What must be handed in is the entire listing, exactly as written, with no pictures.

• **Collected data**
───
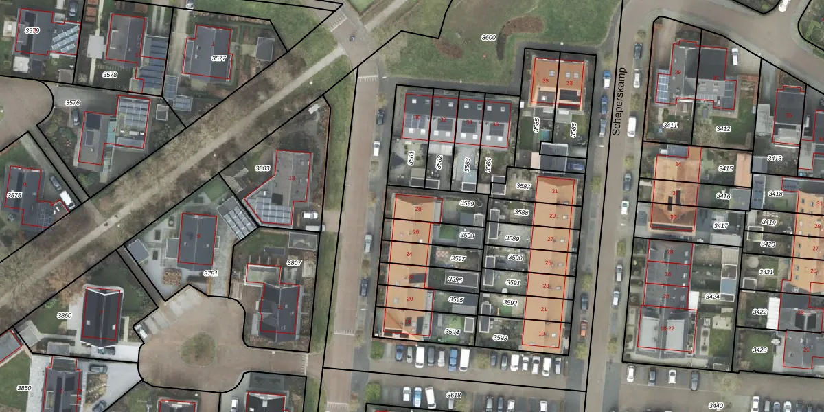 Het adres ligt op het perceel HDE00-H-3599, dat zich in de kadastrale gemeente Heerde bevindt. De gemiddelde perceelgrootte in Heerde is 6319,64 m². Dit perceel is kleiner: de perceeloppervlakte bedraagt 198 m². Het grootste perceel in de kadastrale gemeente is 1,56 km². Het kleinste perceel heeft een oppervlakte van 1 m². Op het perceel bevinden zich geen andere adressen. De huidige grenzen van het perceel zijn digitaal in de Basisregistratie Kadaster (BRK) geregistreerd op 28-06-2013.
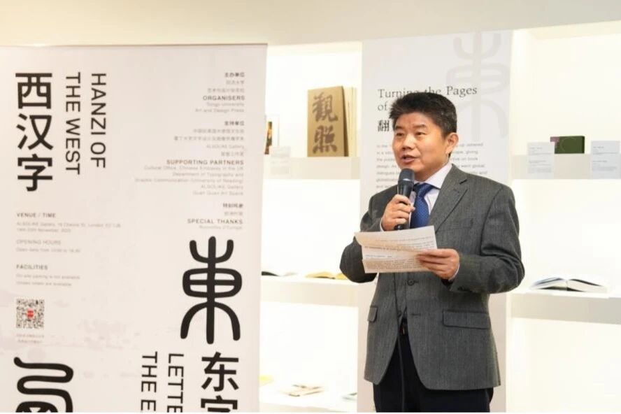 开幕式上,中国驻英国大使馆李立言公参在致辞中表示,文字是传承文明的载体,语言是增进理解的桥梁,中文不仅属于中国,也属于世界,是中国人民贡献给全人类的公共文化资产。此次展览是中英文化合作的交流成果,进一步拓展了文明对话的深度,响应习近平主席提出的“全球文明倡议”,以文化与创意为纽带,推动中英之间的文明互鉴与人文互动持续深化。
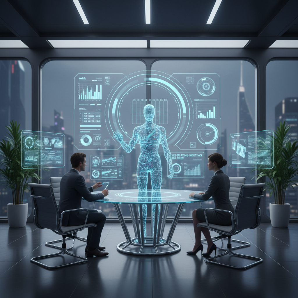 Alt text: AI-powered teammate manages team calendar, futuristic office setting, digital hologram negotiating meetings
───
• **Your response**
 Het adres ligt op het perceel HDE00-H-3599, dat zich in de kadastrale gemeente Heerde bevindt. De gemiddelde perceelgrootte in Heerde is 6319,64 m². Dit perceel is kleiner: de perceeloppervlakte bedraagt 198 m². Het grootste perceel in de kadastrale gemeente is 1,56 km². Het kleinste perceel heeft een oppervlakte van 1 m². Op het perceel bevinden zich geen andere adressen. De huidige grenzen van het perceel zijn digitaal in de Basisregistratie Kadaster (BRK) geregistreerd op 28-06-2013.
 开幕式上,中国驻英国大使馆李立言公参在致辞中表示,文字是传承文明的载体,语言是增进理解的桥梁,中文不仅属于中国,也属于世界,是中国人民贡献给全人类的公共文化资产。此次展览是中英文化合作的交流成果,进一步拓展了文明对话的深度,响应习近平主席提出的“全球文明倡议”,以文化与创意为纽带,推动中英之间的文明互鉴与人文互动持续深化。
 Alt text: AI-powered teammate manages team calendar, futuristic office setting, digital hologram negotiating meetings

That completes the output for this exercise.